Five years later, as large language models—LLMs—like Google’s PaLM 2 and OpenAI’s GPT-4 have begun to proliferate, AI competition has surfaced as a critical part of the broader tech rivalry between the United States and China. Though some analysts echo Lee’s binary view of AI rivalry, the global AI-competitive environment looks less dyadic than the picture he painted in 2018.
Today, there are more nation-state AI competitors than Lee predicted, and a handful of countries are launching new strategies to compete more effectively with the U.S. and China. These government initiatives reach beyond regulating the technology toward a more robust AI industrial strategy. Still, many less AI-ready countries risk falling into Lee’s AI vassal trap—though there are steps they can take to avoid it.
For its part, it is in the U.S.’s national interest to encourage global AI competition and use it as a catalyst for creating a global AI ecosystem that is more open, rule bound, and balanced than it would be in an AI vassal future.
Global AI Competition in 2023
On the surface, the current state of play reflects Lee’s description of a two-way AI race between the U.S. and China. The true nature of AI competition among nation-states, though, is much more complicated and driven by the classic inputs of tech rivalry: talent, capital, infrastructure, data, and software. In 2023, despite the growing trends against global capital, data, and technology flows, none of these catalysts for AI competition is concentrated only in the U.S. and China.
For example, the Global AI Index ranks the U.S. and China first and second in AI implementation, innovation, and investment. But they are not the only countries on the list.
Singapore, the United Kingdom, and Canada round out the top five, and the next five are South Korea, Israel, Germany, Switzerland, and Finland. The Institute for Human-Centered AI at Stanford University (Stanford HAI) produced an AI leadership ranking in 2021 that echoes much of the Global AI Index’s top 10: the U.S., China, India, the U.K., Canada, South Korea, Germany, Australia, Israel, and Singapore, in that order (the countries in italics appear on both top 10 lists).
On a number of measures, the top 10 AI countries are very different from each other. For example, in population size, they range from Singapore, with about 5.5 million people, to China, which has 19 cities with more than 5.5 million residents each. On the other hand, one key commonality among most of the top 10 is that they are open, rule-bound democracies.
The Australian Strategic Policy Institute (ASPI) shows a similarly broad range of competition in AI. ASPI’s Critical Technology Tracker ranks countries’ competitive advantage based on the impact of their research output. In the subcategory of machine learning, which includes neural networks and deep learning, ASPI ranks China first, followed by the U.S., India, the U.K., South Korea, Germany, Australia, Iran, Canada, and Italy, in that order.

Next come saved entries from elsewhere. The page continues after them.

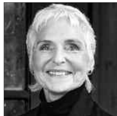
Herbjørg Wassmo.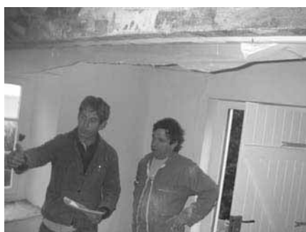
Une équipe de l'AFPA sur le chantier

25 000 € de fournitures ont permis à l'AFPA de Morlaix (Association de Formation professionnelle Adulte) de rendre à la maison du gardien de phare tout son charme. Une solution reste à trouver pour résoudre le problème des quantités d'eau de pluie récupérées, qui peuvent vite se révéler insuffisantes. Différentes options sont à l'étude.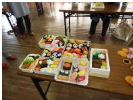
手づくり布絵本教室 (弁当箱)

次年度も市民の方が様々な機会に興味を持ち、参加者同士の交流が保てるような講座を実施したいと思う。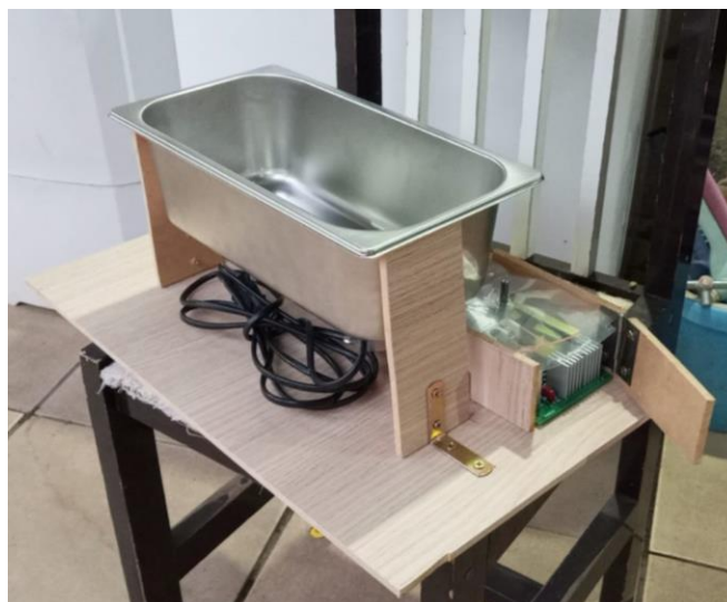
Figura 4 - Cuba Completa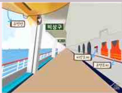
<그림1. 탈출로 및 구명조끼 확인>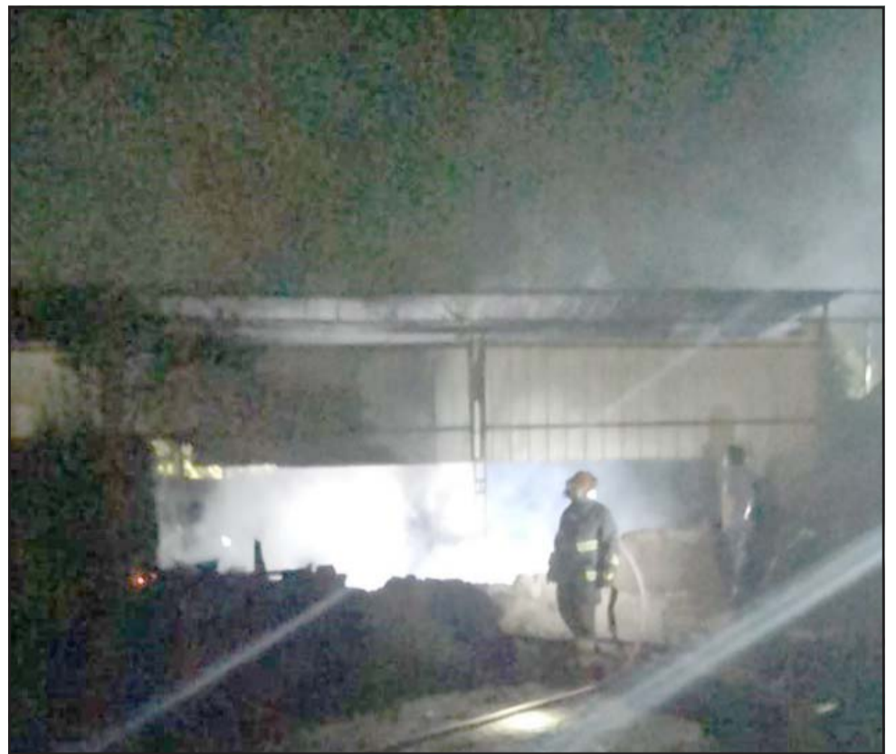
Personal de Bomberos trabajando en el incendio.

En total se quemaron cuatro automóviles y una motocicleta, además de madera aperchada que había en el lugar.

At a high level, AI competition thus appears open to a wide range of countries. Scratching the surface of the Global AI Index reveals not just the openness but also the dynamism of the global AI-competitive environment. For example, India ranks 14th overall but second in AI talent. It doesn’t take much to imagine a world where India moves into one of the top two positions by improving its AI infrastructure, where it ranks 59th, especially given new projects to expand and upgrade the country’s technical infrastructure that have been announced and are underway.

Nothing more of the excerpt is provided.